Après sa comédie criminelle Down Terrace (2009), le briton Ben Weathley change radicalement de registre avec ce second film. Kill List aura en effet beaucoup fait parler de lui à l’occasion de différents festivals, non seulement pour son approche viscérale de la violence mais aussi pour cette façon insidieuse de glisser progressivement d’un genre à l’autre.

L’exposition prend habilement le contre-pied des conventions en nous présentant les protagonistes, tous rassemblés au cours d’un repas entre amis. Au cours de leurs échanges d’un bout à l’autre de la table, le spectateur en apprend en très peu de temps suffisamment sur le background et les liens qui unissent les personnages. Jay est un ancien militaire longtemps reconverti en tueur à gages. Après l’échec d’une mystérieuse mission à Kiev huit mois plus tôt, il a décidé de raccrocher et de se consacrer à sa famille. Las, il doit désormais faire face aux remontrances de son épouse, ancienne bidasse elle-aussi, et qui lui reproche de ne pas être capable de trouver un emploi pour subvenir aux besoins de sa famille.

Ce dîner d’ouverture dégénère rapidement en querelle de couple et ce en présence de Gal, le meilleur ami de Jay ainsi que sa compagne du moment, une dénommée Fiona. Celle-ci profite de la dispute pour s’éclipser dans une autre pièce de la maison et tracer un signe mystérieux derrière un miroir. Un geste tout aussi étrange qu’inexplicable et qui semble annoncer le pire.

Conscient de la situation précaire de son ami, Gal propose alors à Jay de refaire équipe avec lui afin d’exécuter trois contrats successifs figurant sur une liste pour le compte d’un mystérieux employeur. Contraint par la situation, Jay accepte…

D’une noirceur sans concessions, ce polar nous met sur les traces de ce duo de tueurs et s’intéresse plus particulièrement à la trajectoire de Jay. Ben Weathley dresse le portrait ambivalent d’un personnage incapable de s’adapter durablement à la vie civile. D’abord réticent à l’idée de reprendre son travail de tueur, Jay révèle peu à peu au cours de l’intrigue et de ses mises à mort successives, la personnalité d’un exécuteur froid et vindicatif, non dépourvu d’une certaine éthique. Par l’importance qu’il prend au fil de l’histoire, Jay relègue finalement Gal son comparse d’infortune au second plan, un personnage que tout semblait pourtant désigner au départ comme l’ascendant du duo.

Au cours d’une intrigue que beaucoup pourront juger un peu lente, les tueries successives, brutales certes mais jamais complaisantes, en révèlent à chaque fois plus sur la personnalité ambivalente d’un protagoniste pétri de contradictions et d’états d’âmes. Ainsi, Jay se transforme-t-il en une sorte de justicier lorsqu’il découvre sur une bande vidéo les atrocités commises par l’une de ses cibles qu’il finit par massacrer à coups de marteau.

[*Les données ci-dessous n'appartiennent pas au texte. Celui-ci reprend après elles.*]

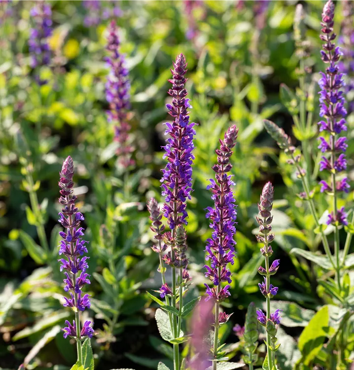 Salvia nemorosa 'Ostfriesland' bildet lippenförmige, in Rispen angeordnete, violette Blüten ab Juni. Diese werden etwa 5 - 10 cm groß. Bei richtiger Pflege Nachblüte im September.
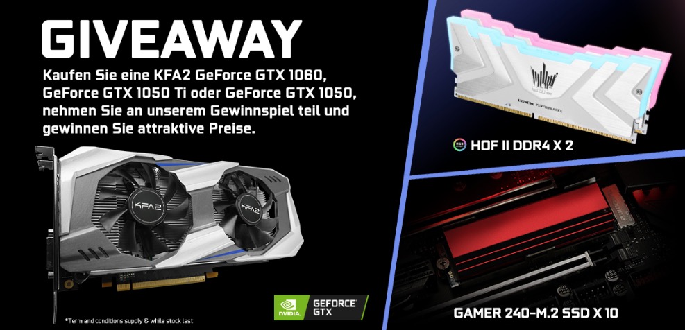 Bremen / 3. April 2019: Grafikkarten-Spezialist KFA2 startet ab sofort sein neues Frühlings-Gewinnspiel 2019, bei dem es attraktive Preise zu gewinnen gibt. Bis zum 30. April 2019 können Käufer einer KFA2 GeForce GTX1050, einer KFA2 GeForce GTX1050Ti oder einer KFA2 GeForce GTX1060 an dem neuen KFA2-Gewinnspiel 2019 teilnehmen und eine schnelle KFA2 M.2 240 SSD oder einen hochwertigen HOF II 3600 Mhz Arbeitsspeicher gewinnen. Die Teilnehmer müssen lediglich innerhalb des Aktionszeitraums ihren Originalbeleg des KFA2-Produkts (GeForce GTX1050, GTX1050Ti oder GTX1060) hochladen und sind damit automatisch für die Teilnahme an der Verlosung qualifiziert.

Moralement éprouvé par cette série d’assassinats et la découverte des abominables secrets qu’ils sont censés couvrir, Jay plonge progressivement dans une spirale infernale dont il lui semble bientôt impossible de pouvoir s’extraire.

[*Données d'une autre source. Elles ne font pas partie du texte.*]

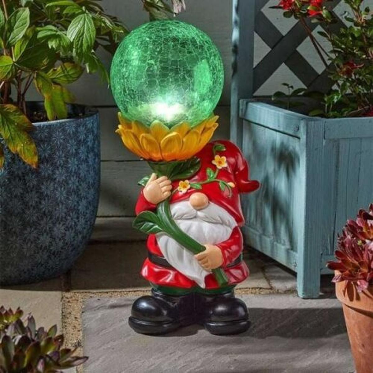 You would be gonkers to miss out on this delightful summer-inspired solar gonk garden light. Standing at 45cm tall and fully equipped with a charming sunflower and summery attire, this sun worshipping gonk is made from waterproof resin and beautifully decorated to depict a warming summers day. This joyful gonk comes with a solar crackle effect dome light which houses one bright white LED bulb with a clever colour-changing functions in either static or slow fade. Sit back in your garden with a cold drink and watch your beautiful gonk solar light cycle through 4 different colours including bright white, red, blue, and green. The integrated solar panel charges throughout the day using the suns energy, and the clever light sensors automatically illuminate the LEDs at dusk. Simply pop him in your garden and add a bright and colourful glow to your summer.

Car non sans jamais perdre de vue la trajectoire dramatique de son protagoniste, Wheatley aura pris soin de parsemer son intrigue de différents indices plus ou moins inquiétants qui préparent habilement un changement de cap thématique tout aussi radical que surprenant au cours du dernier tiers de son film. Empruntant alors à l’imagerie et aux thèmes d’un Wicker Man, Wheatley filme en filigrane une société anglaise en pleine déchéance sociale et religieuse dont le degré de dévolution se mesure à ce retour effroyable aux cultes païens des anciens temps.

Toute la force de Kill List réside dans cette montée en puissance dans l’horreur, accentué par le dérèglement mental d’un protagoniste qui atteint son apogée dans un final des plus retors et mémorable. Pour autant, le film de Weathley n’est pas dénué de défauts, la lenteur de l’intrigue pourra agacer plus d’un spectateur et le dernier acte pâtit bel et bien de quelques facilités et incohérences (les agresseurs “masqués” sont soit suicidaires soit simplement stupides, à chaque spectateur de se faire son opinion).

Le fait est que l’on ressort totalement secoué de ce film, tant à cause de sa violence et de la perversité de son scénario que par son atmosphère hautement dépressive. Kill List s’avère être une plongée éprouvante dans un cauchemar psychologique et social duquel certains spectateurs ont des chances de ne pas ressortir indemnes.